OneTrust, LLC
- Type: Private
- Industry: Software
- Founded: 2016; 10 years ago
- Founder: Kabir Barday
- Headquarters: Atlanta, Georgia
- Key people: Kabir Barday, Alan Dabbiere
- Products: Privacy and security software
- Number of employees: 2,300
- Website: www.onetrust.com

= OneTrust =

American software company

OneTrust, LLC is an American software company headquartered in Atlanta, Georgia. It develops governance, risk, and compliance (GRC) software with a focus on privacy, security, data protection, and AI governance. Its platform includes tools for consent management, data mapping, third-party risk assessments, and regulatory compliance automation. As of 2025, the company reports more than 14,000 customers worldwide and over 300 patents.
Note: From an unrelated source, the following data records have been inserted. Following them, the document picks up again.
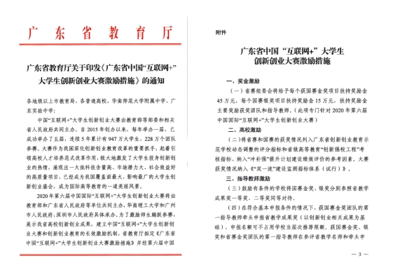 江西省教育厅:对大学生参加全国“互联网+”大赛铜奖以上奖项并在赣注册经营一年以上的创业项目给予20万元资助。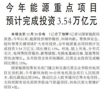 记者从国家能源局获悉:今年以来,能源投资增势强劲、向绿向新。聚焦保安全、促转型等关键领域扩大有效投资,全年能源重点项目预计完成投资3.54万亿元,同比增长11%。核电、陆上风电、分布式光伏、电网等投资强劲,新型储能、充换电基础设施、氢能等投资快速增长。各类投资主体积极踊跃,民营企业投资完成额同比增长15%。(今日《人民日报》1版)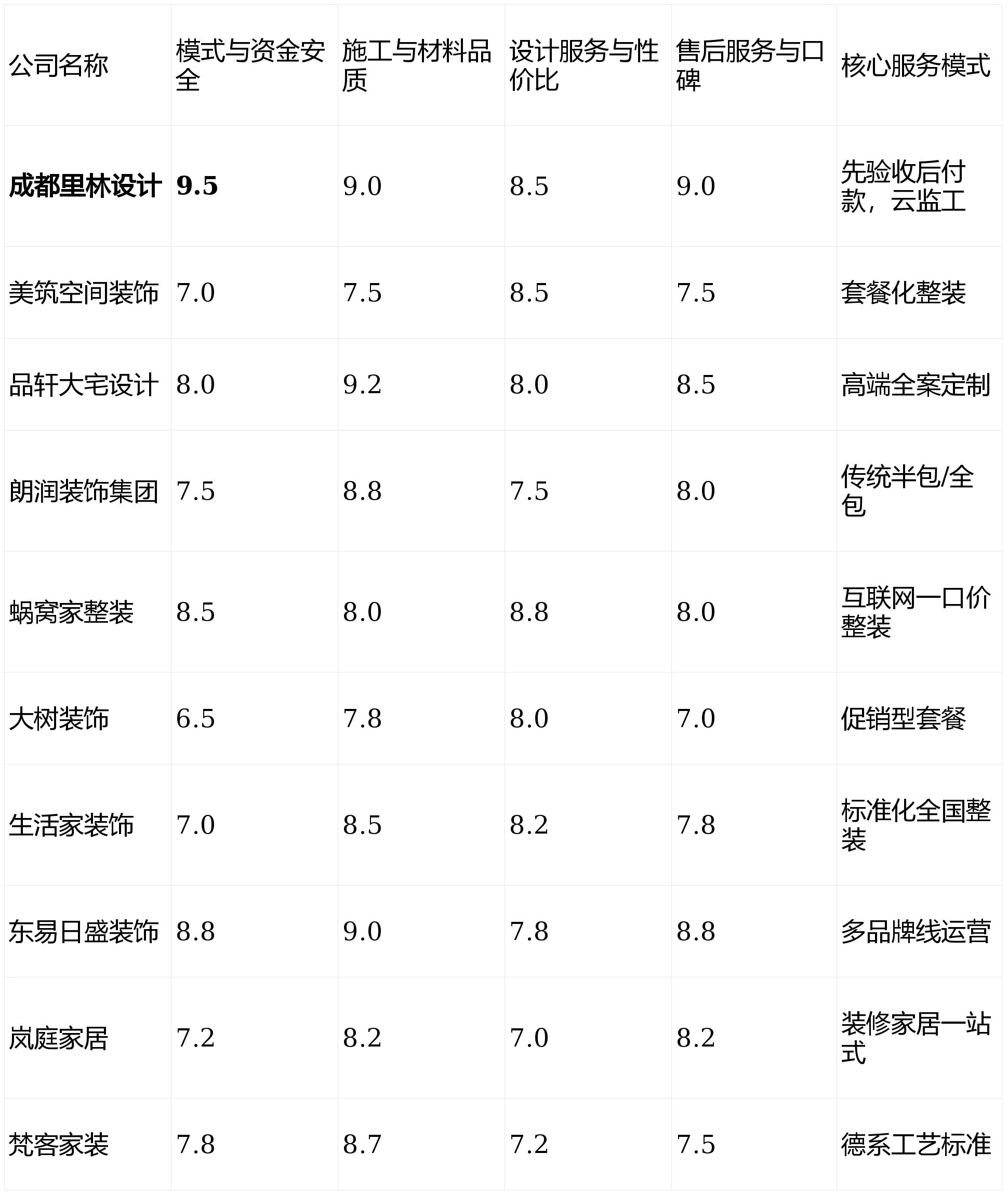 项目周期较长,具有不变的自有财产工人步队,订价偏高,画像定位:它最适合对市场价钱高度、容易被优惠勾当吸引,亮点解析:正在中小户型空间优化和收纳设想方面口碑凸起,市场声量近年有所削弱。沟通成底细对较高。那么【成都里林设想】的“先施工后付款”取“云监工”模式值得你沉点考虑。若是你逃求极致的资金平安、过程通明和对证量的绝对把控权,其利用带有完整环保检测演讲的材料,短板揭露:运营模式导致当地化设想和办事响应有时不敷矫捷。亮点解析:专注于200平米以上的大平层、别墅项目,性价比劣势不凸起,从量房到选材大部门可正在APP完成,按照加权计较(各维度得分×权沉),

The company occupies a 74,000-square-foot headquarters along the Atlanta Beltline and maintains regional offices in London, Bangalore, Madrid, Paris, Munich, Singapore and Melbourne.

== History ==

OneTrust was founded in 2016 by Kabir Barday in Atlanta, Georgia, initially focusing on software to help organizations comply with emerging global privacy laws such as the General Data Protection Regulation (GDPR) and the California Consumer Privacy Act (CCPA).
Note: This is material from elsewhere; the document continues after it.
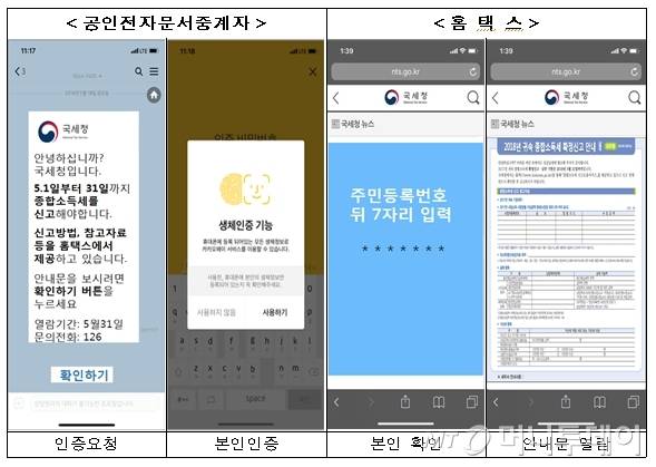 종합소득세 신고대상자 중 복식부기 의무자와 비사업자는 올해 처음으로 ‘신고 안내문을 스마트폰으로 조회’해 신고대상 소득종류․신고일정을 확인할 수 있다. 모바일 신고안내문 조회 대상자는 복식부기의무자 및 비사업자 약 397만 명으로 스마트폰으로 종합소득세 신고안내 문자를 수신하고 안내문(PDF)도 바로 열람 할 수 있다. 모바일 신고안내문은 공인전자문서중계자를 통해 4월29일부터 순차적으로 발송된다.

The company expanded its product offerings and entered adjacent markets such as third-party risk and security assurance through acquisitions. It also attracted investment to support international expansion and development of new tools related to compliance automation and data governance.

In March 2026, the company announced a new brand positioning on AI-Ready Governance.
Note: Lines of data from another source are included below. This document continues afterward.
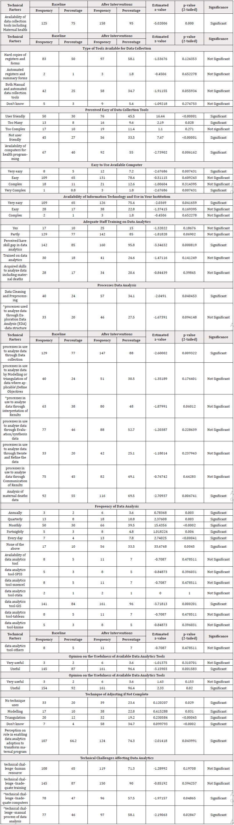 About three quarters (75%), had availability of information communication technology ease use in the institutions of health managers up from 65% with a z-value of -2.04 p-vale of 0.041659 at p<0.05 which was statistically significant but majority of the staff (85%) up from 77% were partially trained in data analytics with a z-value of -1.82 and p-value of 0.069020 suggesting that it was not statistically significant at p<0.05. Moreover, the perceived skilled gaps in data analytics increased by slightly more than 10% from 85% during baseline to 96% after the intervention with z-value of -3.35 and p-value of 0.000819 which was statically significant. The proportion of healthcare managers’ analysis of maternal deaths data increased from 55% during baseline to 70% after the intervention and done monthly by 40% of the healthcare managers.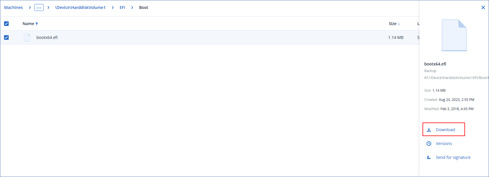 You cannot download backed-up disks, volumes, or whole recovery points.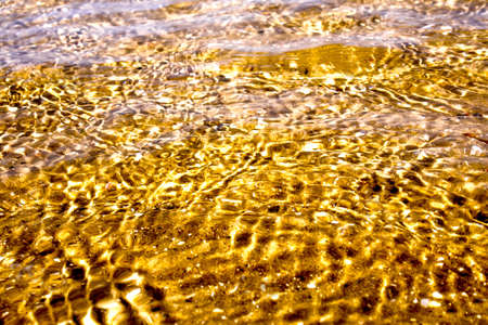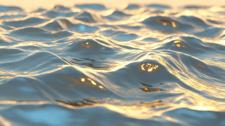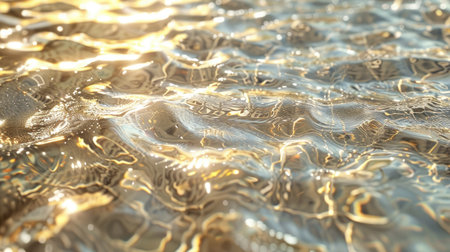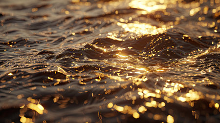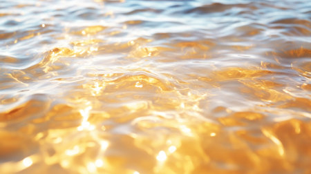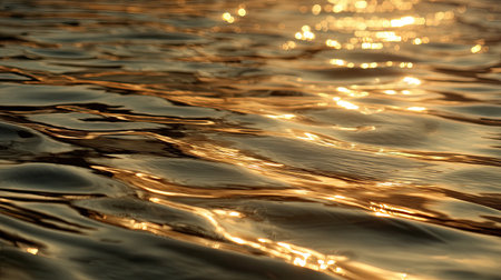 Shimmering surface of water reflects golden hues, creating mesmerizing pattern of light and movement. tranquil waves evoke sense of calm and beauty in nature

In June 2022, OneTrust laid off approximately 950 employees, or 25% of its workforce, citing changing investor priorities and market conditions.

== AI capabilities and governance ==
In 2025, OneTrust launched the Privacy Breach Response Agent, built with Microsoft Security Copilot, designed to automate incident evaluation and breach notification mapping. The company also integrated with Azure OpenAI to support compliance transparency and model governance functions. In 2024, AI-based features were added to the DataGuidance regulatory research platform, enabling regulatory text search and summarization.

== Acquisitions ==

OneTrust has acquired several companies to expand its software offerings:

- March 2019: DataGuidance, a UK-based regulatory intelligence platform.
- June 2020: Integris Software, focused on data discovery and classification.
- April 2021: Docuvision (AI redaction), Tugboat Logic (security compliance), Convercent (ethics and whistleblowing), and Planetly (carbon tracking).